Bobby says that since Anna's new home is completely empty, it's "a great canvas for [him] to work with." Yeah, a real tabula rasa. A blank slate. An empty page. He walks to a wall and asks if Anna likes leopard. Well, she loves panthers, and leopards are close enough. They're both endangered, and sold in bastardized forms in stores from Hot Topic to "off the truck" to the tacky, right? He suggests an eight- or ten-foot leopard couch on wheels, so that she can wheel it around. And "maybe a table with a mirror on it, so [Anna] can look at [her]self, and the view." Oh, my brain. Hey, what other use could a mirrored table have?
They move into the kitchen, where Howard calls attention to Anna's painting of Larry King. She's going on the show. It's pretty bad, but do I even have to say that? Bobby says he thinks "sumptuous and luxurious fabrics" are the way to go. Wow, don't even get more specific! I'm sold! I mean, eight-foot leopard chair, mirrored table, and "sumptuous and luxurious fabrics"! Shit, that's classy.
Okay, so as Bobby shows Anna some bedroom sets, Howard asks Anna to "let Sugar Pie fuck the bear." Anna tosses a white stuffed bear on the floor, and Sugar Pie.

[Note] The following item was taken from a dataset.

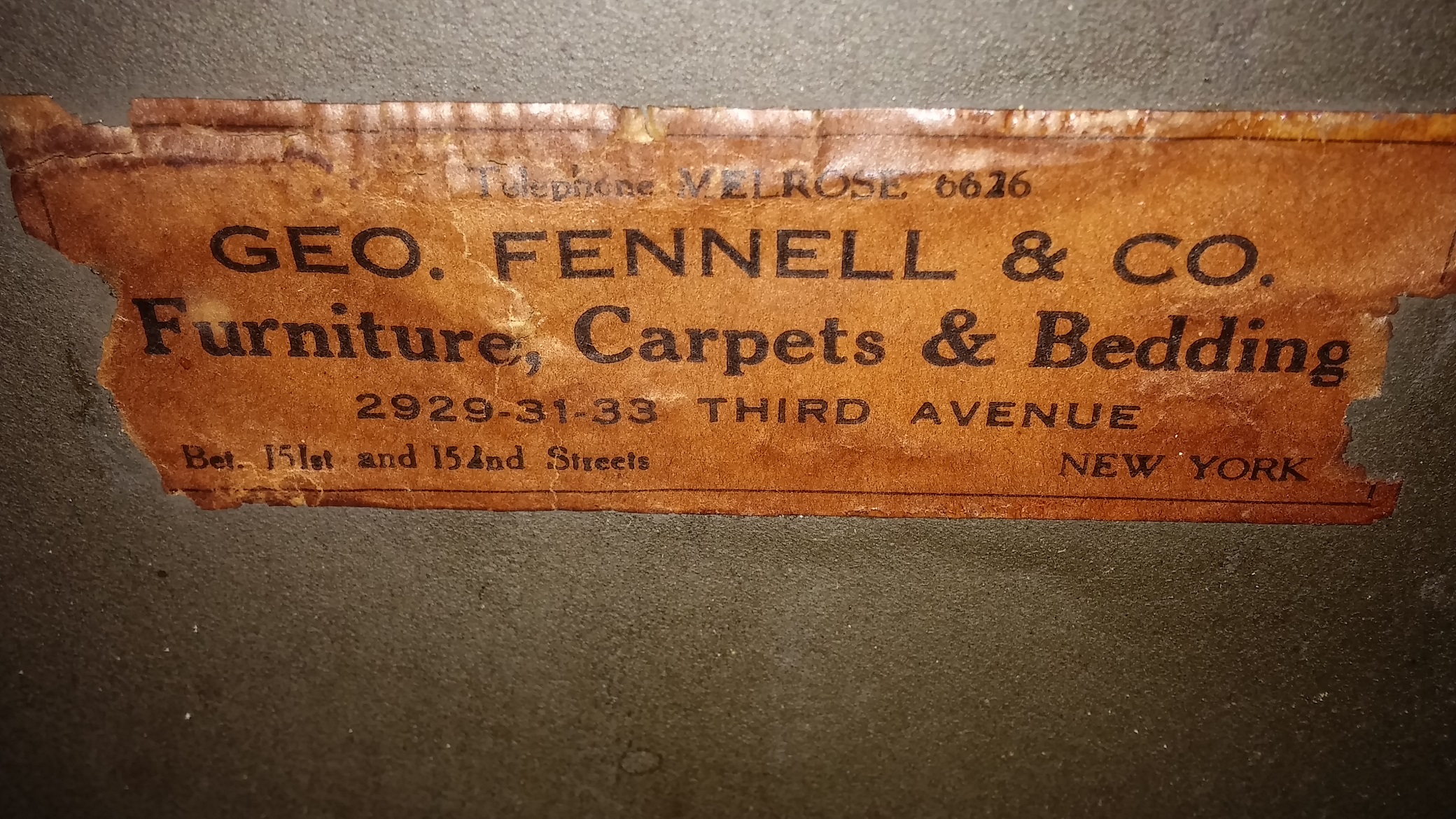 Picked this beauty up an estate sale recently and I am curious as to what is may be worth. It has a tag that reads 'geo. fennell & co furniture, carpets, and bedding New York '. I looked the company up and all I could find is some advertisements from 1917 in an old newspaper and a bench in a museum that is made by the same company. You can tell it is hand made because the corners on the top are not uniform. Anyone have any idea what it may be worth?

Goes. OFF. Humping. Forever humping. All the time humping. Anna VOs that "one time Sugar Pie saw [her] fucking this guy, and ever since then started doing it. And she's pretty good at it." Sugar Pie humps the bear again. Some more.
Anna stands in her sweatpants and fiddles with the waistband as Bobby invites her to come down to his store where she can look at things and "touch them" and "feel them." Anna says, "Ooh, gettin' me hot." Bobby and Anna have to be on the same substance. They HAVE to be.

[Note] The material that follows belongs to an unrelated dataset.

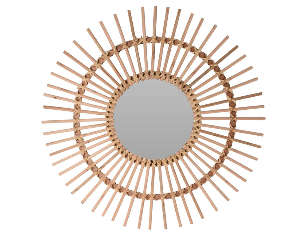 Οι καθρέπτες αποτελούν αναπόσπαστο κομμάτι της διακόσμησης ενός σπιτιού. Ο καθρέπτης τοίχου σε στρογγυλό σχήμα είναι ιδανικός για τοποθέτηση στο υπνοδωμάτιο, το χολ, το γραφείο ή σε όποιον άλλο χώρο σας είναι απαραίτητος. Μπορεί να λειτουργήσει ως χρηστικό και ως διακοσμητικό στοιχείο στο χώρο σας. Το πλαίσιο του είναι κατασκευασμένο από ξύλο σε φυσική απόχρωση και θα δώσει μια μοναδική boho νότα στο χώρο σας.

They arrive at the store. Bobby takes Anna's hand and hauls her out of the car. She says, "Little heavy for you?" I think you're a little woman for him.

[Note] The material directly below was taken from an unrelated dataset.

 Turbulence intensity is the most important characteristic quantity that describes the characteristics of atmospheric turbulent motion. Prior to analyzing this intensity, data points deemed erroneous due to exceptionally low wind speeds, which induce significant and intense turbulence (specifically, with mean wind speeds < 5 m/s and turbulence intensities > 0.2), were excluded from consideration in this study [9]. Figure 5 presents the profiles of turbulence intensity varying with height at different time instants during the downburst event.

Anna slowly massages a red bedspread as Bobby natters on that that particular bed is "one of a kind, for the customer that orders it." Plus, it's "sumptuous and luxurious." Oh my god. Anna rubs the bed like she's trying to make it groan. Bobby suggests that some "soft, flickering chandeliers on the side of the bed would really set the tone." Oh, wow. What a sentence! Literacy is clearly not taught at design school. Oh, Christ -- there's the chair. It's huge! Look at all that extra chair! This "sumptuous and luxurious fabric" is "silk leopard." Feel it, Anna. Bobby asks, "How luxurious is that feeling?" Was I bad? Did I do something wrong? Okay, this is what Bobby has to say about Anna's taste: "The fabric she knew. She liked leopard, she looves gold and sparkles. We're gonna use a lot of sumptuous and luxurious fabrics, flickering chandeliers in the background because she likes it to be evening, daytime and nighttime, and very warm. We're just going to have luxury, luxury, luxury, all the way from the front door all the way down to the garage." Anna closes her eyes on the couch for a moment. The scary thing is that this furniture existed before Anna, meaning that Tori or Demi or Britney or Courteney or someone like that ALREADY HAS one of those big, ugly, hulking, honking monstrosities Bobby calls a chair. It's like Trading Spaces, but...but nothing, this is just like that show. No, it's really just like Trading Spaces, but without the trading. And it's a total nightmare. And I'm scared, and I want a taste of whatever Anna and Bobby are on.